2023-03-13 16:23:19,450 - mmdet3d - INFO - Set random seed to 0, deterministic: False
/home/ly/Desktop/mmdetection3d/mmdet3d/models/builder.py:86: UserWarning: train_cfg and test_cfg is deprecated, please specify them in model
'please specify them in model', UserWarning)
Traceback (most recent call last):
File "/home/ly/anaconda3/envs/openmmlab/lib/python3.7/site-packages/mmcv/utils/registry.py", line 69, in build_from_cfg
return obj_cls(**args)
TypeError: init() got an unexpected keyword argument 'voxel_size'

During handling of the above exception, another exception occurred:

Traceback (most recent call last):
File "tools/train.py", line 166, in
main()
File "tools/train.py", line 139, in main
cfg.model, train_cfg=cfg.train_cfg, test_cfg=cfg.test_cfg)
File "/home/ly/Desktop/mmdetection3d/mmdet3d/models/builder.py", line 93, in build_detector
cfg, default_args=dict(train_cfg=train_cfg, test_cfg=test_cfg))
File "/home/ly/anaconda3/envs/openmmlab/lib/python3.7/site-packages/mmcv/utils/registry.py", line 237, in build
return self.build_func(*args, **kwargs, registry=self)
File "/home/ly/anaconda3/envs/openmmlab/lib/python3.7/site-packages/mmcv/cnn/builder.py", line 27, in build_model_from_cfg
return build_from_cfg(cfg, registry, default_args)
File "/home/ly/anaconda3/envs/openmmlab/lib/python3.7/site-packages/mmcv/utils/registry.py", line 72, in build_from_cfg
raise type(e)(f'{obj_cls.name}: {e}')
TypeError: ImVoxelNet: init() got an unexpected keyword argument 'voxel_size'`
Is there a problem with my environment configuration? I tried many ways to solve, can you help

Looks like you are running config from samsunglabs/imvoxelnet containing voxel_size argument in the openmmlab/mmdetection3d codebase without this parameter.

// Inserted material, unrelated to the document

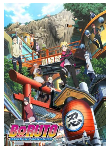
「BORUTO-ボルト- NARUTO NEXT GENERATIONS」 イメージ

また、「BORUTO-ボルト- -NARUTO NEXT GENERATIONS-」は、同誌にて 2016 年から連載されている「NARUTO」のその後を描くスピンオフ作品。里のリーダー“火影”となったうずまきナルトの息子「ボルト」を主人公として、近代化が進んだ“木ノ葉隠れの里”を舞台に物語が描かれる。2017 年よりテレビ東京系にてアニメ放送中。

I'm not sure about running the model on NVidia Jetson. Basically it could be possible, as all trainable layers are directly from pytorch e.g. Conv2D or Conv3D. But you somehow need to figure out the code with 2d-3d reprojection and NMS function in preprocessing.

Is there a problem with my compiling mmdet3d? But I compiled it successfully. How can I solve it

Basically, I think you first need to peek one of this 2 implementations. If you use mmdetection3d you don't install imvoxelnet and and vice versa. So, now you use master branch of mmdetection3d or imvoxelnet?